TASK GOAL — Show every line in the records below that contains the word "white".

[Start of Attachment]

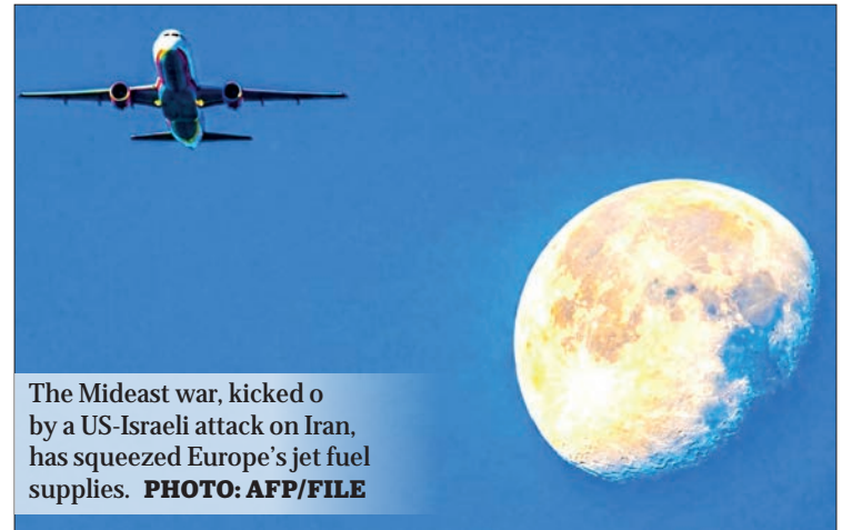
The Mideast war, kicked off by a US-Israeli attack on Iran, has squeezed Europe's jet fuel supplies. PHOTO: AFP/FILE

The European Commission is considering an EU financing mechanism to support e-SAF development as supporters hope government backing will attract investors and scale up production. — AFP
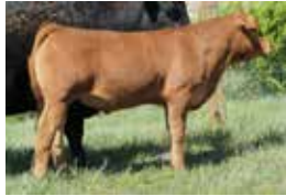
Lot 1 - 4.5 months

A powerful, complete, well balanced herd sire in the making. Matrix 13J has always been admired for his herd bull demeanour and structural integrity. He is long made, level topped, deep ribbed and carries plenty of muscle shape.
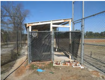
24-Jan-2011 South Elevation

[End of Attachment]
[Start of Attachment]

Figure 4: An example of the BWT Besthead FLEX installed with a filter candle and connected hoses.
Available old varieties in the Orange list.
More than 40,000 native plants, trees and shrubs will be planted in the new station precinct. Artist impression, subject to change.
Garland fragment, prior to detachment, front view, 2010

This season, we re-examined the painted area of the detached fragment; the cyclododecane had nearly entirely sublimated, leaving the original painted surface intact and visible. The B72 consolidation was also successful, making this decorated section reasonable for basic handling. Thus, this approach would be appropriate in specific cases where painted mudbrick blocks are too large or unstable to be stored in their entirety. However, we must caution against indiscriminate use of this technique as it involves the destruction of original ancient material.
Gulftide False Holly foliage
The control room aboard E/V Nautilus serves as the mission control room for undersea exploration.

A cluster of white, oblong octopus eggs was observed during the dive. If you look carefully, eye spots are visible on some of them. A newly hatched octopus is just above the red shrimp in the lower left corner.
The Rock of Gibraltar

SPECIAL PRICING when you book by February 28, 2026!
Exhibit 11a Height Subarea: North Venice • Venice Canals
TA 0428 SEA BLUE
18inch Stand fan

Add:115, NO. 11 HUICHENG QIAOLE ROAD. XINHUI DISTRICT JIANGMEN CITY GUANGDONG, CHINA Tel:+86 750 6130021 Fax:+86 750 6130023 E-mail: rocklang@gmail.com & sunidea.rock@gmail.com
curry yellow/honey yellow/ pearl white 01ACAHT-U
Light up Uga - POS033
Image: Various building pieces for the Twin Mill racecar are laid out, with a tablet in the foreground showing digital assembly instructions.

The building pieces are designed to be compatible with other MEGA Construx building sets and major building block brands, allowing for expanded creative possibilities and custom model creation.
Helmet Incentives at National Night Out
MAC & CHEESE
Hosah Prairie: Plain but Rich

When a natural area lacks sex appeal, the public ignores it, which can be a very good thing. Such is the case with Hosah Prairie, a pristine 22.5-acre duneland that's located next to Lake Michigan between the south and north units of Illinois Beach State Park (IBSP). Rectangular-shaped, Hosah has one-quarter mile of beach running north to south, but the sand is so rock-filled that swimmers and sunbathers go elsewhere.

[End of Attachment]

RESPONSE AREA —
A cluster of white, oblong octopus eggs was observed during the dive. If you look carefully, eye spots are visible on some of them. A newly hatched octopus is just above the red shrimp in the lower left corner.
curry yellow/honey yellow/ pearl white 01ACAHT-U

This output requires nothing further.